Он подтянул к себе крест, подтесал конец и бросил топор вниз. Широко расставив ноги, он медленно приподнялся на коленях, с трудом удерживая тяжелый крест наперевес, как копье. И едва на миг ветер поперхнулся, Калина ткнул крестом в дыру и выпрямился тетивой, всаживая крест отвесно. Ветер ударил, как волна, но Калина уже висел на перекладине, своей тяжестью вгоняя крест глубже в купол.
Окровавленного, обессилевшего Калины только и хватило привязать себя к кресту, чтобы не сорвало и не швырнуло вниз. Прижавшись скулой к брусу, обняв крест, притиснувшись к нему, Калина полулежал на главке, глядя куда-то в темноту, за Колву, за тучу, за небо. И в той бурной тьме он вдруг различил крохотный красный огонек. Калина тяжело мотнул головой, провел трясущейся ладонью по лицу, по глазам. Огонек не гас, мерцал – словно звал откуда-то, кричал о чем-то безмерно важном, тревожном, неведомом: будто о любви, будто о смерти, будто об истине. Красная звездочка горела на вершине косой скалы, что высилась вдали над пармой, как остров, на котором, загнанная необоримой бурей, пылает, рвется и гибнет живая человеческая душа.
– Сполох!.. – закричал Калина, указывая на искорку рукой. – Полюд зажег сполох!.. Вогулы идут!..
И Калина еще увидел, как люди побежали прочь с монастырского холма – под защиту острожного тына. Он оставался один на макушке храма, над пустеющей землей, привязанный к кресту посреди бури, – один, но уже не ждал никого на помощь.
А к утру буря утихла, словно остановленная этим невиданным распятием. На рассвете Калину, полумертвого, спустили вниз. Три дня острожек не смыкал глаз, ожидая врага. Но вогулы так и не пришли. Не нашелся Полюд, не вернулся из пармы Ветлан, в городище пропала девчонка Бисерка. Наконец князь снарядил заставу: проверить, что случилось на далекой скале, где зажегся сполох.

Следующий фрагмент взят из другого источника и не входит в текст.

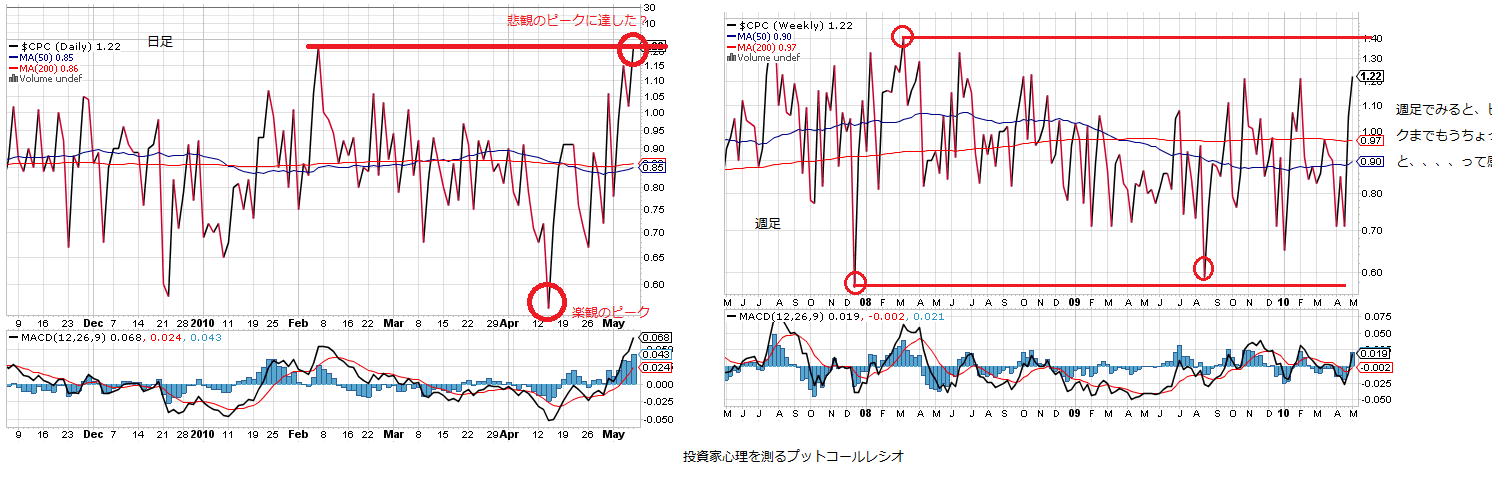2010/05/08 - 月とスッポンさんの株式ブログ。タイトル:「来週のチャートポイント☆NY編②投資家心理指標をチェック」 本文:今回は反発時期を探るために、以前紹介した投資家心理をはかる指標として、PCれしおとブリッシュパーセント指数を再度ご紹介いたします。 ☆ダウ月足(画像1) ☆プットコールレシオ(画像2)

Застава вернулась не скоро и вести принесла странные. Гора со скалой, где зажегся тревожный огонь, превратилась в сплошную выскирь – ее чертовым тыном окружили вырванные с корнем деревья. Вокруг все было истоптано вогулами, но ни один след не вел на вершину. А на вершине среди валунов чернело огромное кострище и еще валялись дрова – не нарубленные, а наломанные и насеченные мечом. В расщелине одного из валунов и нашли этот меч – меч Полюда. Куда же подевался сам Полюд? Он не мог здесь умереть, потому что не было здесь его останков, и он не мог уйти отсюда, не оставив следов. Буря, что ли, его унесла? Но он бы не бросил меча. А может, Полюд воистину рассек мечом камень и ушел в гору?..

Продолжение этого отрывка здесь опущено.